北朝鮮の労働党機関紙「労働新聞」と、韓国の左派系「ハンギョレ新聞」、保守系「朝鮮日報」「東亜日報」「中央日報」が、朴槿恵大統領たたきで全く同じ報道をしている。だから11月23日の労働新聞社説は韓国の新聞・テレビを激賛した。
●「朴たたき」と「日本たたき」
韓国保守を代表する知識人、趙甲済氏は次のように語っている。
「保守新聞を含むマスコミがあまりにも多くの誤報をしたため、お互いかばい合って相互批判をしなくなっている。その結果、朴槿恵をたたく記事なら、なんでも大きく扱うというおかしなことになり、それにひきずられて左派ではない一般国民も反朴槿恵デモに集まり、その数をまたマスコミが検証せず実態の5〜10倍に膨らませて100万人、200万人などと報じ、与党を含む国会と検察がそれに引きずられて朴槿恵たたきをしている。これは一種の全体主義だ」
趙氏の話しを聞いていて、私は北朝鮮と韓国の左右両派が同じ報道をする事例を思い出した。それが日本たたきだ。1982年の教科書事件のとき、私はソウルの日本大使館で専門調査委員として、毎日、反日記事をスクラップしていた。誤報だらけで相互批判がなく、北朝鮮と中国共産党に歩調を合わせる日本たたきだった。1992年の慰安婦騒動も全く同じだった。
●反論控えて問題が拡大
2つとも事実に即して反論すべき日本側がそれをしなかったことが問題を大きくした。むしろ日本たたきの材料を朝日新聞などが捏造報道で提供し、日本政府が調査もせずに先ず謝罪して、検定基準の変更や支援金の支給など大幅な譲歩をしつづけた。それが事態を悪化させた。
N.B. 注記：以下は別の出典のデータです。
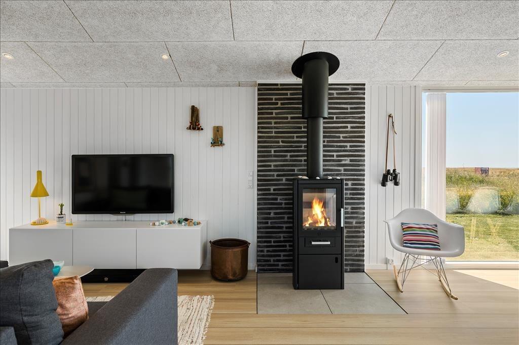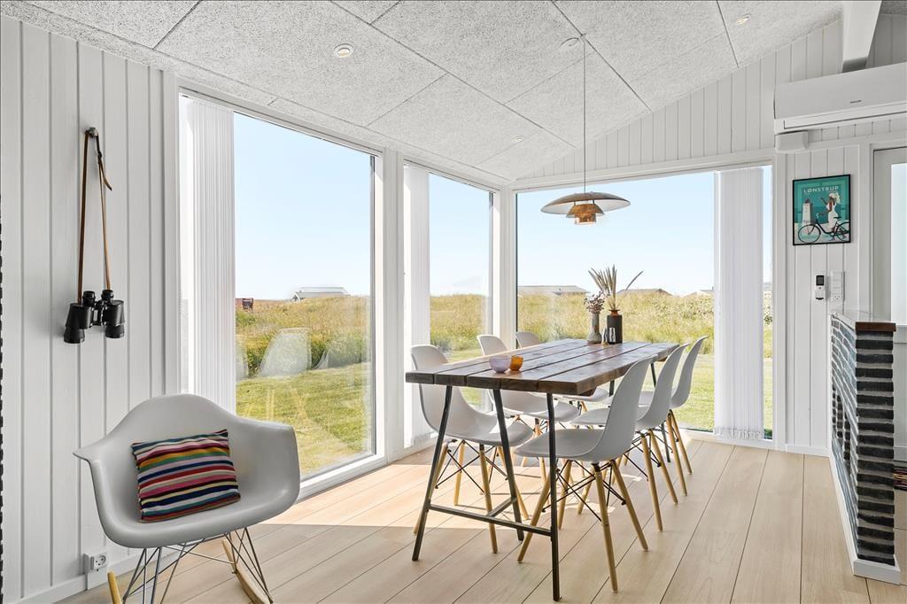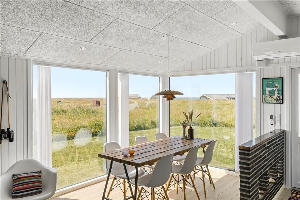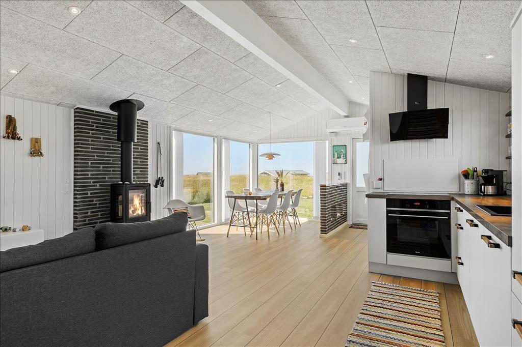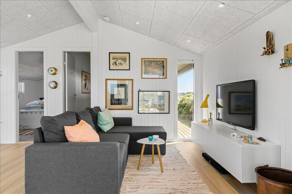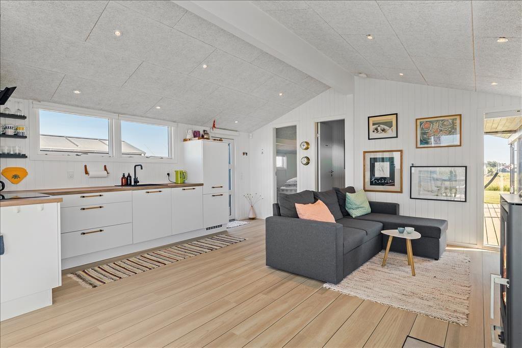 Der blev gået grundigt til værks, da sommerhuset blev moderniseret i 2019. Indretningen er lækker og smagfuld – men på den neddæmpede måde, så rummene stadig emmer af hygge og ægte sommerhuscharme. Alle rum præsenterer sig godt, for æstetikken er mindst lige så tiltalende på badeværelset og de to soveværelser som i husets store opholdsrum. Her i rummet, hvor stue og køkken er forenet, er der indfaldslys fra tre verdenshjørner, og udsigten er imponerende: Ved spisebordet vender de store panoramavinduer lige ud mod havet og de stejle skrænter, der ligger blot 150 meter fra huset, og sætter I jer i sofaafdelingen, kan I nyde det flotte syn af Rubjerg Knude Fyr gennem det smalle, sydvendte vindue.

その結果、韓国人の多くは、いまだに慰安婦は性奴隷だったと信じている。慰安婦問題の真の解決は、慰安婦は軍が管理した公娼制度で彼女らは貧困の結果、慰安婦になったという事実を韓国人の多数が受け入れることだ。そのためには、事実に基づく反論が不可欠だ。ついに昨年8月、李栄薫ソウル大学教授が学問的勇気を持ってネット上で、「慰安婦は軍が管理した公娼制度で性奴隷ではない」と実証的に発言した。
今回、釜山の日本総領事館前に新たに慰安婦像が設置されたことを受け、安倍晋三政権が大使と総領事の一時帰国、スワップ協議の中止などを打ち出したことは、正当で当然の措置だ。2015年12月の合意では韓国の尹炳世外相は「韓国政府は、日本政府が在韓国日本大使館前の少女像に対し、公館の安寧・威厳の維持の観点から懸念していることを認知し、韓国政府としても、可能な対応方向について関連団体との協議を行う等を通じて、適切に解決されるよう努力する」と明言した。しかし、釜山の慰安婦像を不法に設置した左派団体に対して韓国政府は一度も協議の申し入れをしていない。「関連団体との協議を行う等を通じて、適切に解決されるよう努力する」という約束を履行していないのだ。安倍政権は少なくとも尹炳世外相が釜山に行って関係団体と協議するまでは、今回の措置を続けるべきだ。
●韓国側に関係修復の動きも
今回の措置の結果、左派新聞は加害者である日本が被害者である韓国を圧迫するのは許せないと安倍政権への非難一辺倒だが、朝鮮日報と東亜日報は安倍政権批判をしながらも、社説でウィーン条約を紹介して韓国側にも非があることを伝えはじめた。
在野の保守団体である国民行動本部は「少女像をめぐる韓日関係悪化を憂慮する」という声明を出して「釜山の日本総領事館の前に『慰安婦少女像』を再設置したことは韓日間合意精神に背くだけでなく何よりも不法行為だ。文明国家としての国の格を守るためにも法の通りしなければならない。 政府は『慰安婦少女像』を撤去して韓米日同盟関係を修復しなければならない。」と主張した。
日本が自己主張をすることが、韓国人に自分たちのやっていること、信じていることがおかしいのではないかと考えさせる契機を与える。真の日韓友好は健全な相互批判の上にしかないと強調したい。